The output above represents the coefficients from the regression model quantifying the impact of various musical features on track popularity. A positive coefficient indicates that an increase in the feature is associated with an increase in popularity, and vice versa for a negative coefficient.

For instance, Danceability (1.249640), Loudness (1.141456), Acousticness (2.469403), and Valence (2.125671) all have positive coefficients, suggesting that tracks with higher values in these features tend to be more popular.

On the contrary, Energy (-3.204815), Key (-3.189486), Mode (-5.859715), and Tempo (-1.865736) are negatively associated with popularity, indicating that higher values in these features could lead to lower popularity.

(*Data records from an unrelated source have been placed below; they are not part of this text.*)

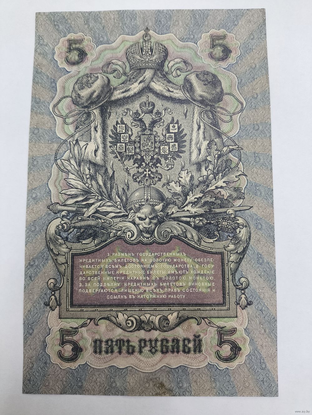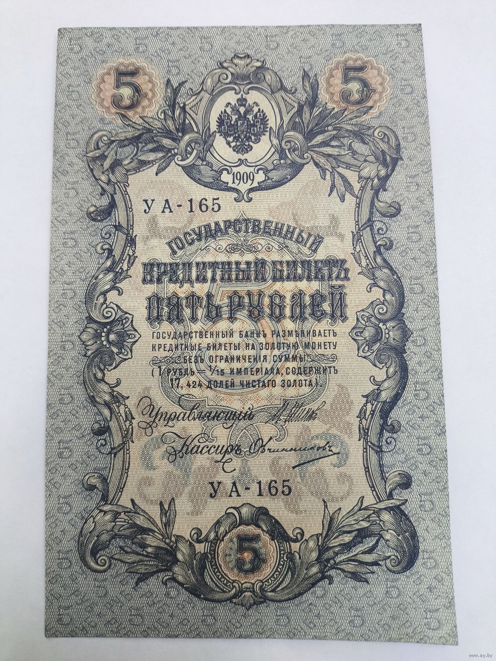 5 рублей 1909г. Шипов - Овчинников.Серия УА-165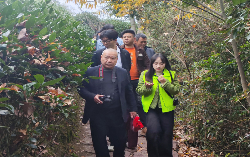 茶与食品学院的“燕子窠生态茶园志愿者服务队”前往燕子窠生态茶园为到访的来宾们提供讲解服务,介绍生态茶园的背景和茶园建设模式,推广燕子窠“冬种油菜、夏种大豆”的管理模式。志愿者团队详细地向访客介绍燕子窠生态茶园不同品种的茶叶,分享燕子窠生态茶园的生态模式与其中的科学含义。在讲解过程中,志愿者始终保持着高涨的热情,积极与来宾们进行交流互动。茶叶生产,需要天时地利,也需要科技赋能,燕子窠生态茶园的套种生态循环模式既提高生产效率又优化土地发展,对武夷山茶产业的发展有着重大的影响。如今,生态茶园模式的广泛推广运用,孕育和滋养着越来越多的茶业科技管理人才,不仅激发茶农们突破传统种植管理模式的勇气和智慧,也引导他们进一步运用科学方法推动茶产业的可持续发展。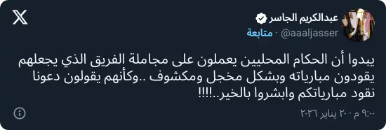 وفي هذا السياق، قال الجاسر في تعليق أثار جدلًا واسعًا: «يبدو أن بعض الحكام المحليين يجاملون الفريق الذي يطلب إدارتهم لمبارياته، وبشكل مخجل ومكشوف».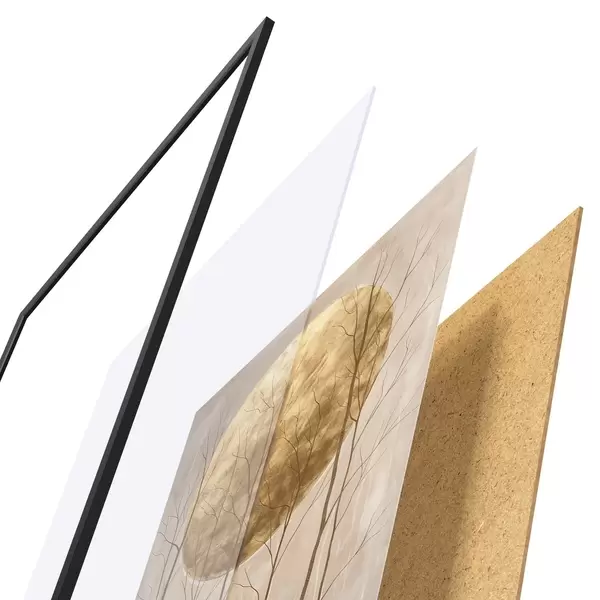 Plakatą sudaro rėmas, pleksiklas, atspausdintas vaizdas ir medžio drožlių plokštės pagrindas. Plakatą galima iš karto pakabinti ant sienos dėl kitoje pusėje esančių laikiklių.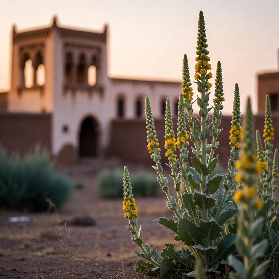 نبات المولّين، المعروف علميًا باسم Verbascum thapsus، عشب طويل القامة يتميز بأوراقه الكبيرة المغطاة بزغب ناعم وأزهاره الصفراء الزاهية. استخدم في أنظمة الطب التقليدي منذ قرون لدعم الصحة العامة.

The coefficients for Explicit (1.620926e-14) and Speechiness (0.03398224) suggest a negligible impact on the popularity, with Explicit essentially having no effect. Instrumentalness (0.3390750) shows a minor positive influence.

Summary

So, Statistical modelling is a mathematical framework used to describe the relationships between variables in the form of equations, usually involving stochastic elements (randomness). It is primarily focused on inference, which means understanding the relationships between variables and quantifying how certain factors influence outcomes.